L'objectif général de ce protocole de génération d'organoides cérébraux humains dérivés de cellules iPS est de modéliser les troubles neurodéveloppementaux humains précoces. Cette méthode peut aider à répondre à des questions clés dans le domaine du développement cérébral humain, telles que le rôle des synthésosomes et des cils dans la néonéogenèse et la microcéphalie primaire. Le principal avantage de cette technique est qu'elle constitue un modèle robuste et rapide permettant d'obtenir des résultats reproductibles à partir d'organoides cérébraux dérivés de cellules iPS de patients.
La procédure sera démontrée par Elke Gabriel, une post-doctorante de mon laboratoire au Centre de médecine moléculaire de Cologne. Pour commencer cette procédure, recueillir les neurosphères à l’aide d’une micropipette de 200 microlitres munie d’une pointe de deux millimètres préalablement coupée avec des ciseaux stériles. Ensuite, déposer les neurosphères à environ cinq millimètres d’intervalle sur un film de paraffine dans une boîte de 100 millilitres.
Et retirez soigneusement autant que possible du milieu restant. Ensuite, ajoutez une goutte de matrice EHS sur chaque neurosphère individuelle. Incubez les gouttes de matrice EHS avec les neurosphères pendant 15 minutes à 37 degrés Celsius.
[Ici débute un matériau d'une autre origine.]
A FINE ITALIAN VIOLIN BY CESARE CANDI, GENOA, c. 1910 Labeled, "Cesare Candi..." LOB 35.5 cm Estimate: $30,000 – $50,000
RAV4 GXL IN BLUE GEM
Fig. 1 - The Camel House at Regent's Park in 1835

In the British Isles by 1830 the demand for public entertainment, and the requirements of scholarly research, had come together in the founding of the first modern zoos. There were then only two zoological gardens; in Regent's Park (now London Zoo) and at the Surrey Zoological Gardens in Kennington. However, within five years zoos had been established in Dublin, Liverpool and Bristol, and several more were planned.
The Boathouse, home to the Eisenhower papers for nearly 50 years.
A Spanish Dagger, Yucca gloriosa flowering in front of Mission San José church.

Ensuite, lavez soigneusement les neurosphères du film de paraffine en les rinçant avec le milieu de neurosphères. Incubez ensuite les neurosphères pendant les quatre jours suivants et ajoutez deux millimètres de milieu de neurosphères frais au jour deux. Dans cette procédure, ajoutez 100 millilitres de milieu d'organoides cérébraux à chaque flacon agité par ses bras latéraux.
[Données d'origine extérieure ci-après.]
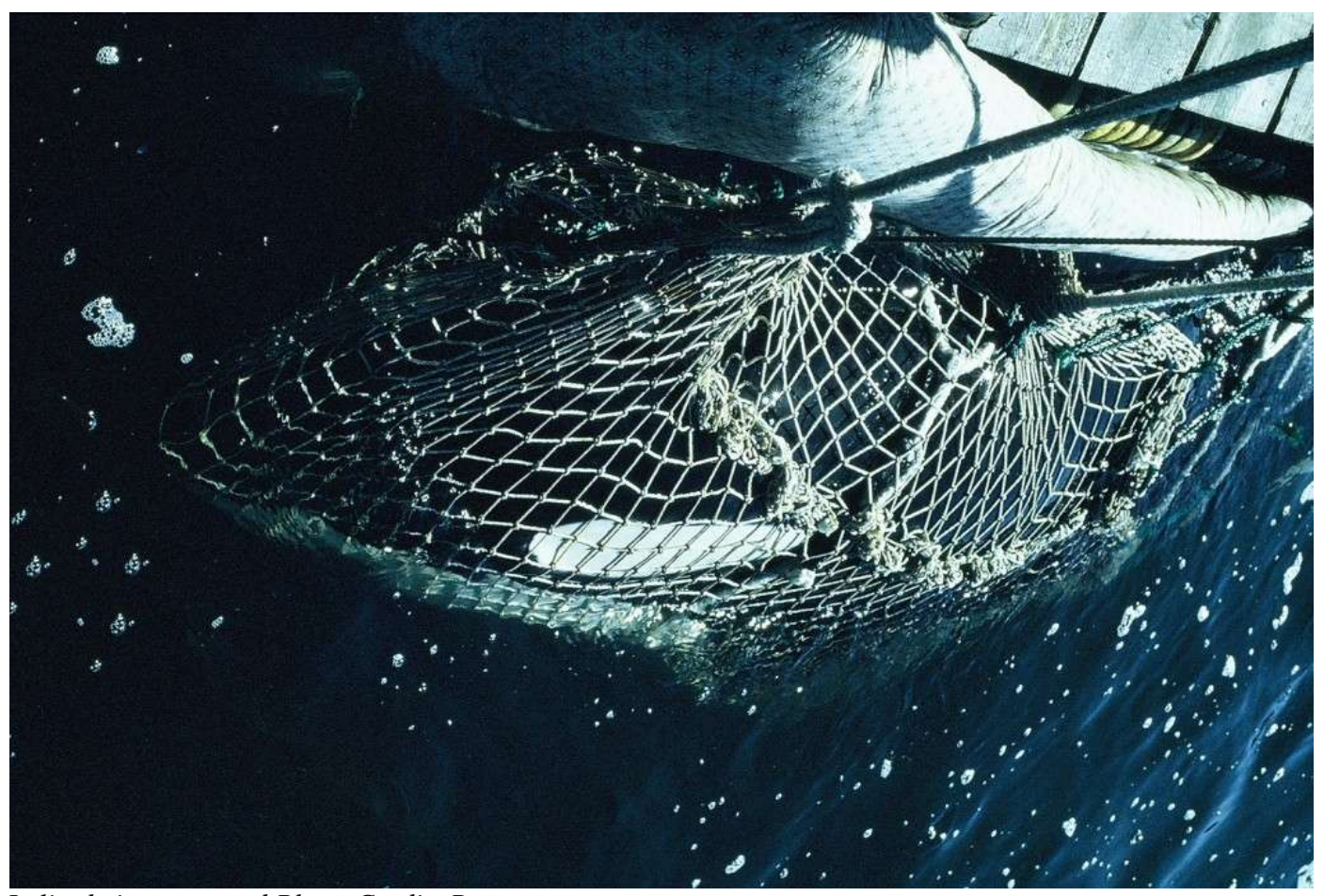
Lolita being captured

Wild caught orcas and dolphins living in captivity were violently captured and taken from their ocean habitat and families. They are trucked or flown to a sterile aquarium that bears no resemblance to their former ocean home. Captive orca and dolphins are not allowed to live in pods that resemble their natural pods in the wild. Wild orca and dolphin pods offer infinite opportunities for social interactions. In captivity, those opportunities do not exist; they are forced into artificially controlled groupings.

Et préchauffez le milieu dans l'incubateur à 37 degrés Celsius pendant au moins 20 minutes. Ensuite, assurez-vous que les neurosphères sont toutes séparées. Si deux ou plusieurs sont reliées par la matrice EHS, séparez-les en coupant la matrice de connexion avec un scalpel.
Configurer un programme d'agitation à 25 tr/min. Transférer soigneusement les neurosphères incluses dans la matrice EHS dans les flacons agitateurs contenant 100 millilitres de milieu d'organoides. Ensuite, disposer les flacons agitateurs sur une plateforme d'agitation magnétique dans l'incubateur pendant 14 jours à 37 degrés Celsius.
Ceci est le jour zéro de la culture d'organoïdes. Changer le milieu une fois par semaine en retirant la moitié du milieu et en ajoutant la même quantité de milieu frais. À cette étape, récupérer les organoïdes de la culture en flacon agité au jour 14 à l'aide d'une micropipette pré-coupée de un millilitre.
Placez-les tous dans une boîte de 60 millimètres et rincez-les une fois avec cinq millilitres de DMEM F12 chaud pendant trois minutes. Ensuite, préparez un tube de 1,5 millilitre contenant 500 microlitres de PFA à 4 %, chaud. Placez chaque organoïde séparément dans chaque tube et fixez-les pendant 30 à 60 minutes à température ambiante.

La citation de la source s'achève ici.